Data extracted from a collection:
== Segment start ==

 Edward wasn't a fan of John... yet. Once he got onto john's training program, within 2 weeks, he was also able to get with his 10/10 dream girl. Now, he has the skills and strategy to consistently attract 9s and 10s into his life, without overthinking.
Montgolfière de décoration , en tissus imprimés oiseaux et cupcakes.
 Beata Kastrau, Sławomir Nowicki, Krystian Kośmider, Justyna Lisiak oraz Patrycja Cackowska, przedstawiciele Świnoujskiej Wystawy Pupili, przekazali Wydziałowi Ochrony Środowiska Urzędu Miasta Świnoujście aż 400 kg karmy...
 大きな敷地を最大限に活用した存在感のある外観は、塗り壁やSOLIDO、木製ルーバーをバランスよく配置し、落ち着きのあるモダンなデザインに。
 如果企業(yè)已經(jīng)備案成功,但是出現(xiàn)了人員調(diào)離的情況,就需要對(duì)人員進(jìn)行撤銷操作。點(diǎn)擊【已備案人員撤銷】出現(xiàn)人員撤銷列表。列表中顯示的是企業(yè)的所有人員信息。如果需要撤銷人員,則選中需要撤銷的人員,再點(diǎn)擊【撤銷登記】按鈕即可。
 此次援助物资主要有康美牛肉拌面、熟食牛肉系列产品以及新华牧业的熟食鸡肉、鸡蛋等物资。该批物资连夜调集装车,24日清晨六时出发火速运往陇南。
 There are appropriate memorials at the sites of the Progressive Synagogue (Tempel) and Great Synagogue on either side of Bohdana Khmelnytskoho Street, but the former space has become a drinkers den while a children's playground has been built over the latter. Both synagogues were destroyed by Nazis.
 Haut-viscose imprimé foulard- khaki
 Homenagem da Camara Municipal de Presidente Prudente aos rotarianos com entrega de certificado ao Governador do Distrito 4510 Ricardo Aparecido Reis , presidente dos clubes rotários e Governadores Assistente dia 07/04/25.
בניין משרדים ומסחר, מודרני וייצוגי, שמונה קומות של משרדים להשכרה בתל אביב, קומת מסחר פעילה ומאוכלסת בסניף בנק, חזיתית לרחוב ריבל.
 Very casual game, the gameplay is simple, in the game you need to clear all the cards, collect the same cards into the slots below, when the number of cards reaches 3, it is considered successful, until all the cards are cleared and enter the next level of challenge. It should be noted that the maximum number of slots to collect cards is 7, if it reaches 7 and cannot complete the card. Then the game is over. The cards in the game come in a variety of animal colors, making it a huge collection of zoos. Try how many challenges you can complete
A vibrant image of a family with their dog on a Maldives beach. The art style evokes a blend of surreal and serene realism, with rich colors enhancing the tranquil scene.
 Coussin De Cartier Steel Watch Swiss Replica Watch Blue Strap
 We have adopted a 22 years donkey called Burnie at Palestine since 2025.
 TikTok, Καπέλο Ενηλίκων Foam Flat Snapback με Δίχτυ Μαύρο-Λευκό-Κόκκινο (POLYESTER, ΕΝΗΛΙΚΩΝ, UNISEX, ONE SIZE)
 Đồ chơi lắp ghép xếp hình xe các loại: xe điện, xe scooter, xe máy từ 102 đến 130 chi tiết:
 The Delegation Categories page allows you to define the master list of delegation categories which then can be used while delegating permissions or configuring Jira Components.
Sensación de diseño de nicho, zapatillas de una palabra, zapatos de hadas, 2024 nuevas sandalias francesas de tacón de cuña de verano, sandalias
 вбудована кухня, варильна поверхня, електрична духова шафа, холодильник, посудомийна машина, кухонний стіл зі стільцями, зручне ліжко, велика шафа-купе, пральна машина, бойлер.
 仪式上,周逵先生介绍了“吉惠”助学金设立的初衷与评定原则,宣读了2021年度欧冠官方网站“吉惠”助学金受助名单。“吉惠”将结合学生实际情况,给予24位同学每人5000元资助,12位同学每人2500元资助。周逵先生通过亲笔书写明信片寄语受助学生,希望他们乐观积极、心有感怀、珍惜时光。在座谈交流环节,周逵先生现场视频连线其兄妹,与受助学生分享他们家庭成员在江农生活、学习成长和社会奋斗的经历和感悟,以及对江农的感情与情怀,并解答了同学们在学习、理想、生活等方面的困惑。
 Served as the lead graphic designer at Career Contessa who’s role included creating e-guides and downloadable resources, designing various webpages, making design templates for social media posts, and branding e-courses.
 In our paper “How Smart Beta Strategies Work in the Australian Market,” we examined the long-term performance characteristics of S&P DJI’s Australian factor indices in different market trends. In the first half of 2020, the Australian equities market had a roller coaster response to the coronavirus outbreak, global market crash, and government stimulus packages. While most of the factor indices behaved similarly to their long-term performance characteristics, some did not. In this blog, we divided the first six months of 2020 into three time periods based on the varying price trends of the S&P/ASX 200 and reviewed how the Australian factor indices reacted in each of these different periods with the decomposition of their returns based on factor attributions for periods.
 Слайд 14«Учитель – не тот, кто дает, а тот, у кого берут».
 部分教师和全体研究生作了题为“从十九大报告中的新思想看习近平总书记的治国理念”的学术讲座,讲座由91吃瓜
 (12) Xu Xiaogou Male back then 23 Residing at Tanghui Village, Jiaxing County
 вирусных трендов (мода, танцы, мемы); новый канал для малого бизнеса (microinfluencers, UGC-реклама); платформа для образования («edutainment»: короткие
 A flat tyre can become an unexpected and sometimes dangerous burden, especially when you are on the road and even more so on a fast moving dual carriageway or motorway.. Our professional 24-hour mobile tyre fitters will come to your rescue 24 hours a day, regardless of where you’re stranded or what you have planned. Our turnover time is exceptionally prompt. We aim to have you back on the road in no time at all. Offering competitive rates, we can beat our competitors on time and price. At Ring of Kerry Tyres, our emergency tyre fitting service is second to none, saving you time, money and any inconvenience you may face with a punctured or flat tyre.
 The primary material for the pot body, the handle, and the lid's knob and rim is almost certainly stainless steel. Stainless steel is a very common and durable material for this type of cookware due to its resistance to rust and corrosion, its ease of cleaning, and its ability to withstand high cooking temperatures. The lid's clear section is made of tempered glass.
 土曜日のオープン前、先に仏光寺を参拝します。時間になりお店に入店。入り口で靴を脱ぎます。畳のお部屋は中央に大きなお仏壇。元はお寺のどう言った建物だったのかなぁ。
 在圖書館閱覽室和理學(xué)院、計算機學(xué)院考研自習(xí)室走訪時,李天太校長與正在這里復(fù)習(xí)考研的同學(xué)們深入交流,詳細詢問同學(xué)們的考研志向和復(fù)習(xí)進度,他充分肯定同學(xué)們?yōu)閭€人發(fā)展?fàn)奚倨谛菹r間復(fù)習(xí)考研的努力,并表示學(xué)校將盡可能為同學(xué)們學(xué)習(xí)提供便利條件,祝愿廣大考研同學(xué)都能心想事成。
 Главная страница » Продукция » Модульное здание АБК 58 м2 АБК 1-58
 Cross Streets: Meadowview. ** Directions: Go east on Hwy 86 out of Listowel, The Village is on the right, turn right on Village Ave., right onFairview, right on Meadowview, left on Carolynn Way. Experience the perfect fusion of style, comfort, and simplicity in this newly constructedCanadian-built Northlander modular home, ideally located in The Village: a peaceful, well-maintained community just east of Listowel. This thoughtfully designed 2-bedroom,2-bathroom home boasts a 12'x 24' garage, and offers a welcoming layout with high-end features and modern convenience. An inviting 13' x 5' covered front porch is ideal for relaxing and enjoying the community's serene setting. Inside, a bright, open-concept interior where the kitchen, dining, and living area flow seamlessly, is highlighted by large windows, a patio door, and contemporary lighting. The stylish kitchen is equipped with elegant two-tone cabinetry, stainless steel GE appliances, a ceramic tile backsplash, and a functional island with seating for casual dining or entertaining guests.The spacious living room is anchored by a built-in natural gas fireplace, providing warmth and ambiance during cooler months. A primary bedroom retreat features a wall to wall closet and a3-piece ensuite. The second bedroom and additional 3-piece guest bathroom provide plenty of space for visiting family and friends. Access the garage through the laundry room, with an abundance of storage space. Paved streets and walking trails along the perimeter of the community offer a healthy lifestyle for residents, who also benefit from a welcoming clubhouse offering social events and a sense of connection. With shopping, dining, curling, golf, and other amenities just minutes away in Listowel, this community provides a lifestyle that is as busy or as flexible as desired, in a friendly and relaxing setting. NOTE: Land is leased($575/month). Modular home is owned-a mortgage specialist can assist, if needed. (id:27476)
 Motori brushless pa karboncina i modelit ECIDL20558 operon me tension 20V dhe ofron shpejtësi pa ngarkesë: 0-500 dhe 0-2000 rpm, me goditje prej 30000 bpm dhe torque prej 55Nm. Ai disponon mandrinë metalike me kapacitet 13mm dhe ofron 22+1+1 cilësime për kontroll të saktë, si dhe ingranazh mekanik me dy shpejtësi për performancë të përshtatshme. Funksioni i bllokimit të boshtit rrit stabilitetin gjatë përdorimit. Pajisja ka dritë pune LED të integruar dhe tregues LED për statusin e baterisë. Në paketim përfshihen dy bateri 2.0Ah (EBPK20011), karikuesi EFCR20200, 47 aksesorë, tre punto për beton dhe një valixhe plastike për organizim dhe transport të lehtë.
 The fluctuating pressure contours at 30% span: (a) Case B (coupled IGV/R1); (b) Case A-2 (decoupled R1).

== Segment end ==

WHAT NEEDS TO BE DONE: The lines above from the one with "вирусных трендов (мода, танцы, мемы);" through the one with "A flat tyre" are to be duplicated exactly, ends included, with nothing added.

ANSWER TO THE EXERCISE:
 вирусных трендов (мода, танцы, мемы); новый канал для малого бизнеса (microinfluencers, UGC-реклама); платформа для образования («edutainment»: короткие
 A flat tyre can become an unexpected and sometimes dangerous burden, especially when you are on the road and even more so on a fast moving dual carriageway or motorway.. Our professional 24-hour mobile tyre fitters will come to your rescue 24 hours a day, regardless of where you’re stranded or what you have planned. Our turnover time is exceptionally prompt. We aim to have you back on the road in no time at all. Offering competitive rates, we can beat our competitors on time and price. At Ring of Kerry Tyres, our emergency tyre fitting service is second to none, saving you time, money and any inconvenience you may face with a punctured or flat tyre.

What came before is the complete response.